Except for sargassum, macroalgae species live near the coast, where nutrients are plentiful. During photosynthesis, they consume carbon dissolved in seawater, allowing the ocean to absorb more CO2 from the atmosphere.

Marine organisms and microbes eventually digest or decompose most of that seaweed, emitting an estimated nine-tenths of its carbon. To sequester more carbon, seaweed would have to be grown or transported further offshore, where it could be baled or otherwise sunk to the deep sea.

But nutrients are scarce in the open ocean, and most research before now hasn’t examined how the lack of iron could limit seaweed growth. Berger and her colleagues modelled the cultivation of 20 billion tonnes of seaweed per year across waters up to 200 nautical miles from coastlines.

They found the seaweed would quickly start depleting nitrogen, phosphorus and iron in the water, and after 25 years, its growth would have declined 95 per cent. Moreover, this would diminish global phytoplankton growth by as much as 8 per cent.

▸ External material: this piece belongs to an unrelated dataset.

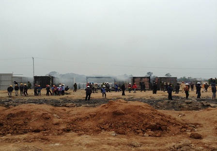 Một số người chứng kiến sự việc cho biết, khi thấy một nhóm bảo vệ đánh một công nhân, quá bức xúc với hành động này nên hàng trăm công nhân đã nhảy vào xô xát với lực lượng bảo vệ nơi đây. Quá khích hơn, phía công nhân đã phóng hoả 3 gian nhà của lực lượng bảo vệ cùng với hàng chục chiếc xe máy tại đây.
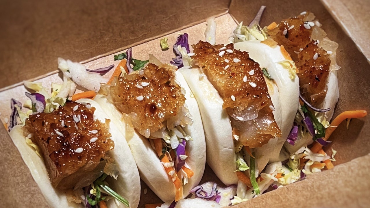Traditional Hmong-style steamed bun stuffed with ground pork, egg and spices – a recipe from Chef Yia Vang’s mom. Served with choice of Krunchy Chili Oil, Kua Txob Hot Pepper Sauce or Lemongrass Scallion Dressing. At Union Hmong Kitchen, located at the International Bazaar, south wall, west corner.

In some scenarios, seaweed cultivation could still remove billions of tonnes of CO2. But depending on what species of seaweed are grown and how much nutrients they consume, it could also increase the amount of carbon in the atmosphere by half a tonne for every tonne of seaweed carbon grown.

Patches off Senegal and southern Australia, about 0.05 per cent of the ocean, are the only places seaweed could flourish without significantly decreasing phytoplankton, the model suggests.

“If you have only a few very specific locations, you can’t grow enough seaweed to have a gigatonne of removal,” says Berger.

In another study, Andrew Yool at the UK National Oceanography Centre and his colleagues modelled what would happen if seaweed-cultivation areas were fertilised with iron, finding that up to 40 billion tonnes of CO2 could be removed each year. But that would also halve the plankton in the ocean, with dire consequences for the fish that eat them.

“You’re robbing the surface ocean of nutrients… and transferring those to depth,” says Yool. “Essentially, you’re curtailing or slowly strangling the natural ecosystem.”

Furthermore, such seaweed cultivation and sinking would require setting up cages or other frameworks across 14 per cent of the ocean surface, largely in the nutrient-rich but stormy seas of the Southern Ocean and northern Pacific and Atlantic.

And if all this ocean wasn’t fertilised with iron, the seaweed carbon removal wouldn’t fully compensate for the plankton loss, increasing CO2 in the atmosphere by up to 700 million tonnes per year.

“You can’t just grow macroalgae and assume that you’re going to be undertaking CDR if you’re not accounting for offsetting phytoplankton growth,” says Chelsey Baker at the UK National Oceanography Centre, another member of the team.